Exactly as written, transcribe the data from its opening line through the line containing "個客の魅力を最大限に引き出す". Leave every picture out.

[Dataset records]
────

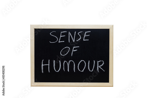 © ijetdo, Obraz premium SENSE OF HUMOUR written with white chalk on blackboard.
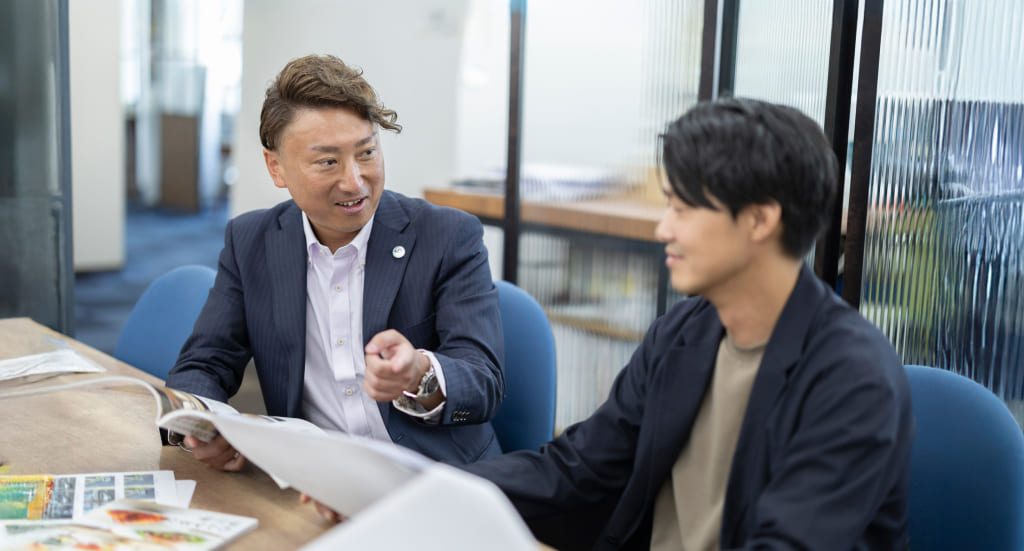 個客の魅力を最大限に引き出す営業マンがディレクターとして、プロのカメラマン・ライターの取材・撮影に同行。提案前に企画を立てて案内することもあるが、他案件の営業状況や契約状況を見ながら、旬で反響が出そうな企画を立案していくこともある。よりエッジの効いた企画を組み、反響へとつなげていく。
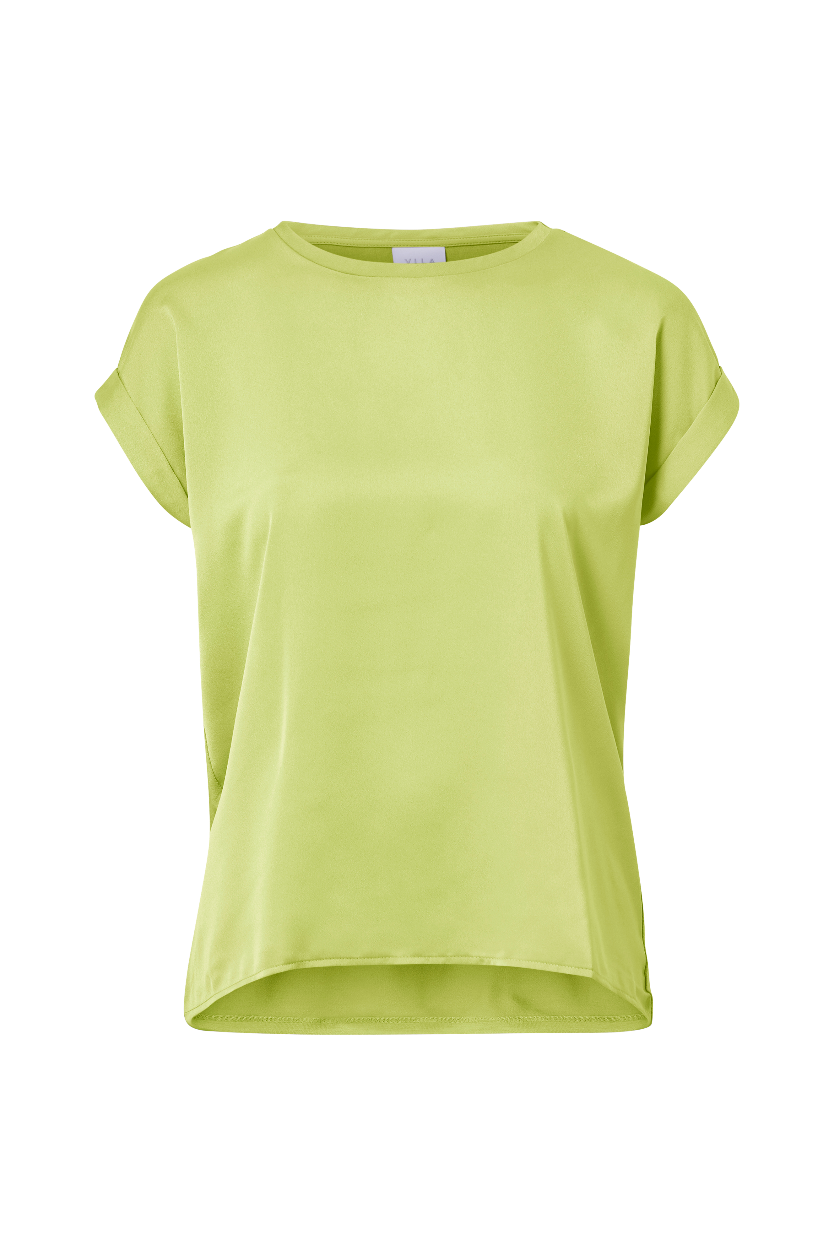 Top med blank forside i vævet kvalitet og bagside i jersey. Korte ærmer med opslag og rund hals.
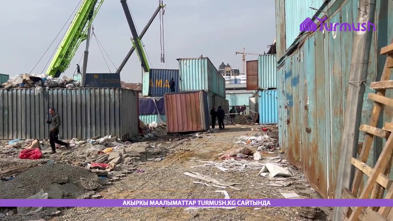 Ош шаарындагы «Келечек» базары көчүрүлгөндөн кийин базардын аймагындагы бош контейнерлер алынууда.
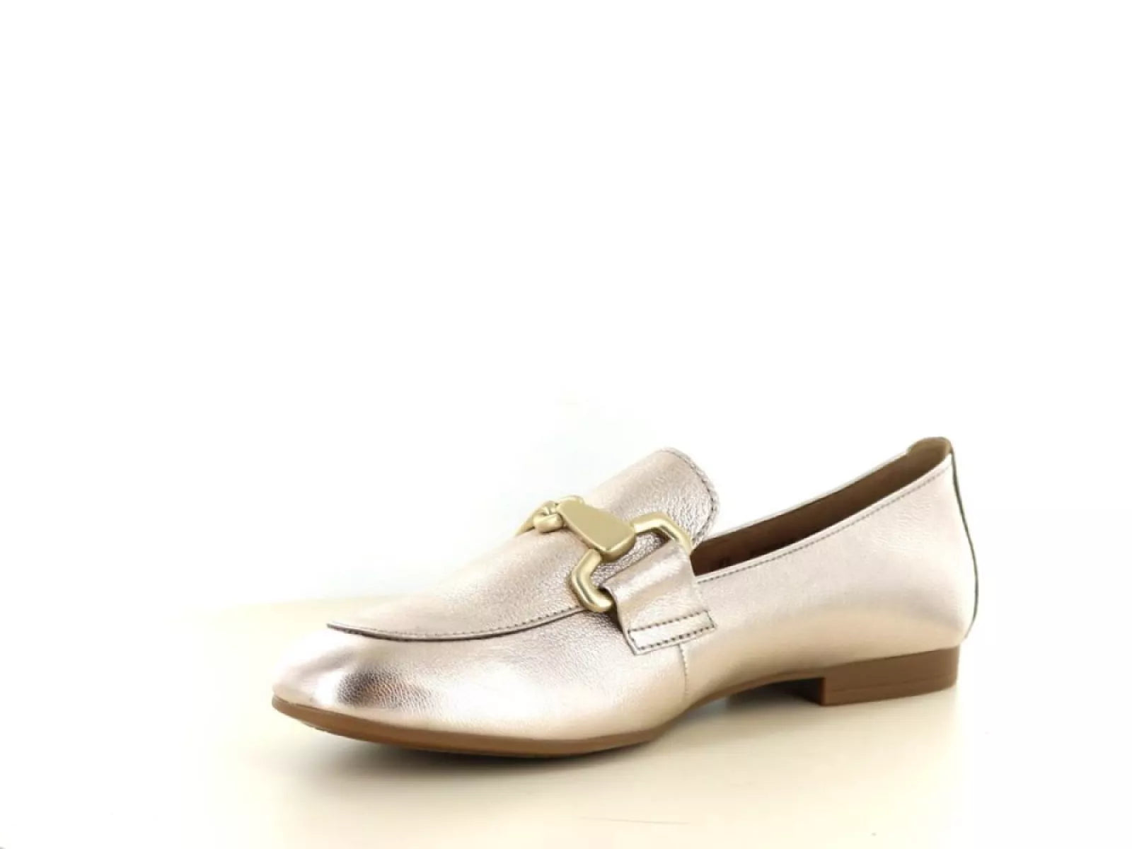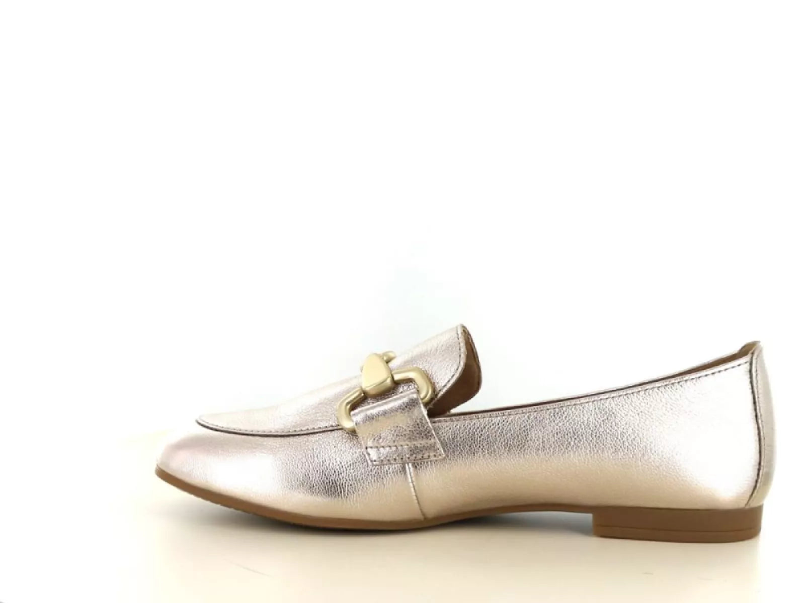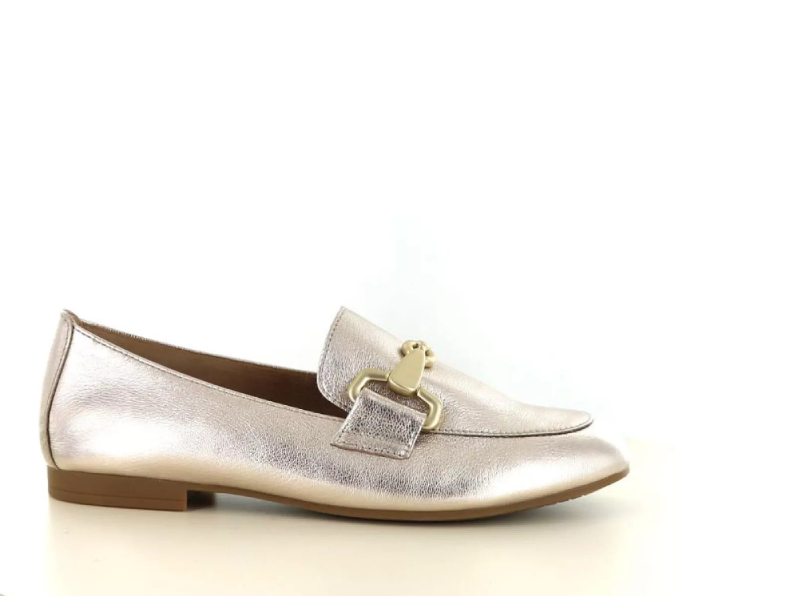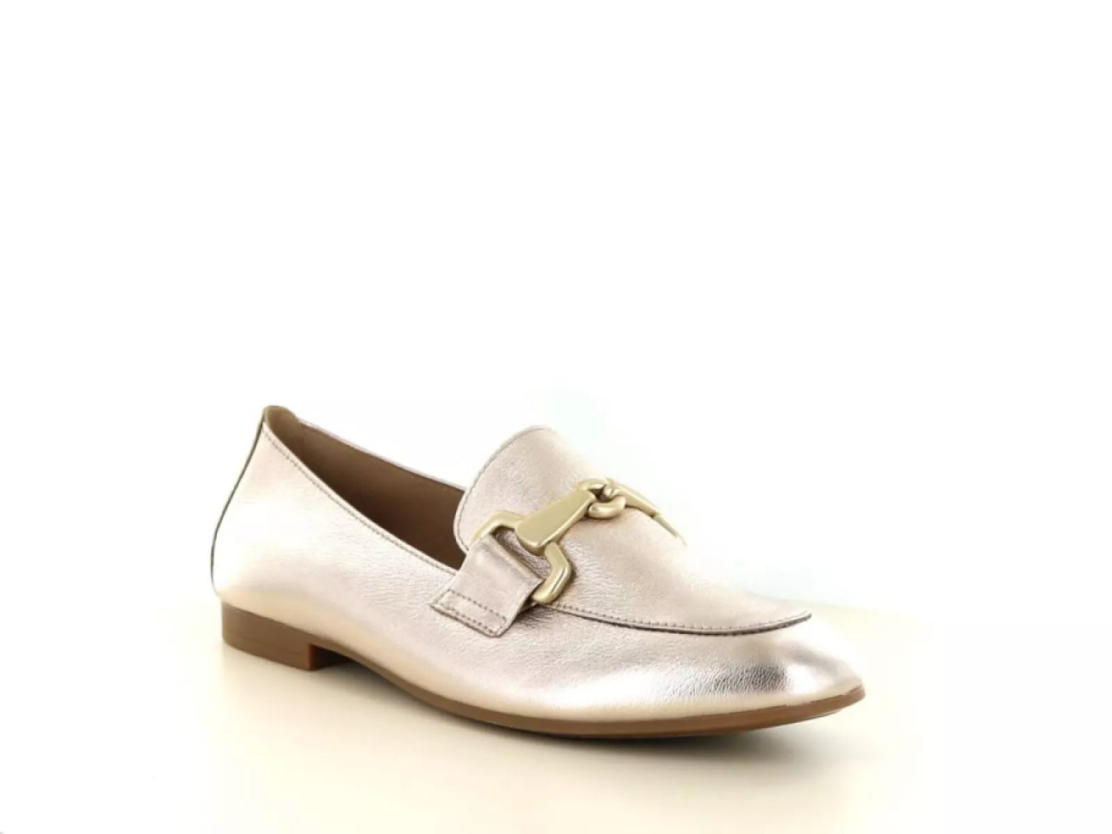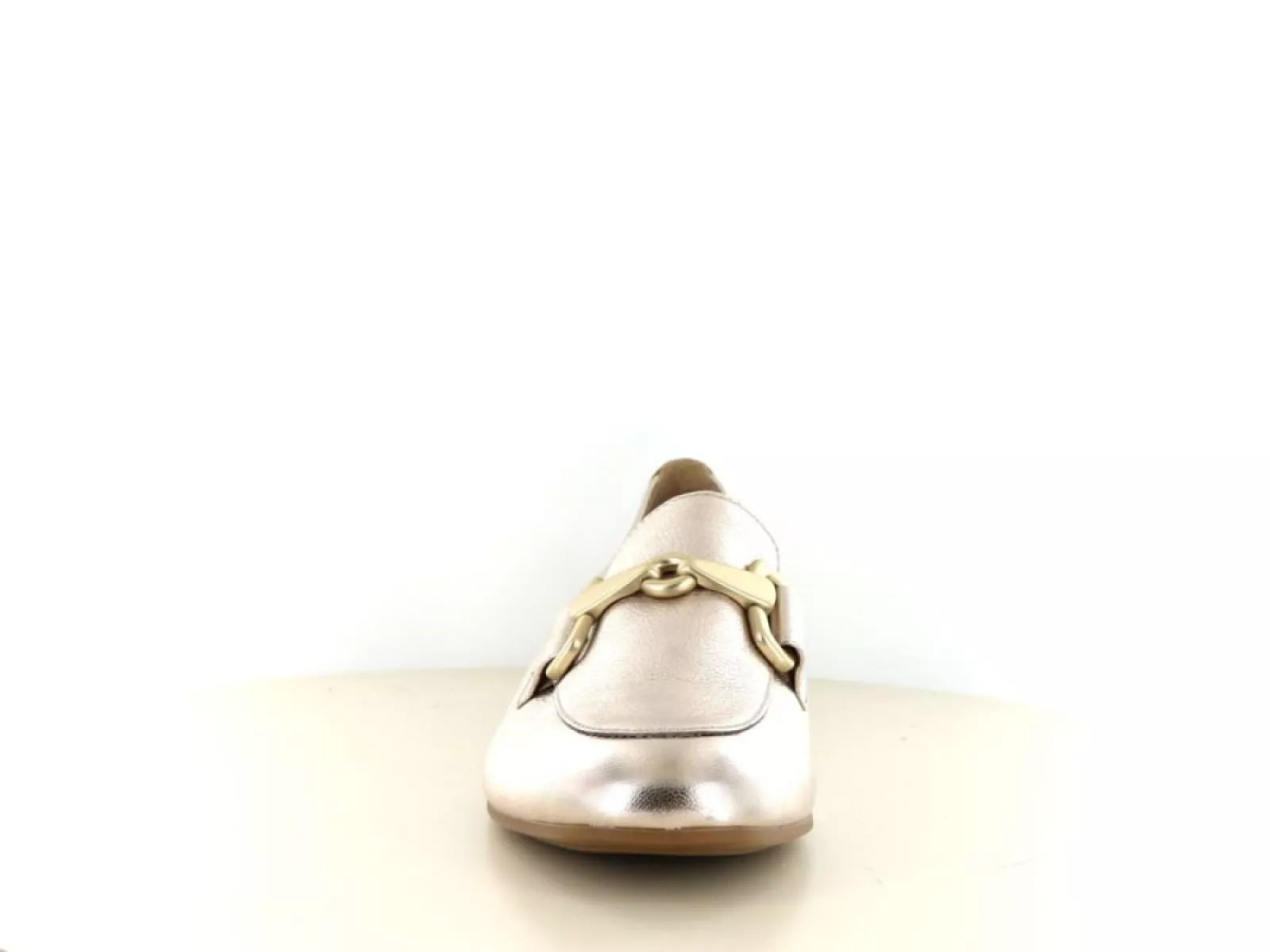 Die raffinierte Kombination aus Puder und Gold verleiht dem Loafer einen zeitlosen Look und lässt sich sowohl mit lässigen als auch mit formellen Outfits kombinieren. Dank des praktischen Slip-On-Modells ohne Verschluss lässt sich der Schuh leicht an- und ausziehen – ideal für Frauen, die Wert auf Stil und Komfort legen.

────

Output below:
 © ijetdo, Obraz premium SENSE OF HUMOUR written with white chalk on blackboard.
 個客の魅力を最大限に引き出す営業マンがディレクターとして、プロのカメラマン・ライターの取材・撮影に同行。提案前に企画を立てて案内することもあるが、他案件の営業状況や契約状況を見ながら、旬で反響が出そうな企画を立案していくこともある。よりエッジの効いた企画を組み、反響へとつなげていく。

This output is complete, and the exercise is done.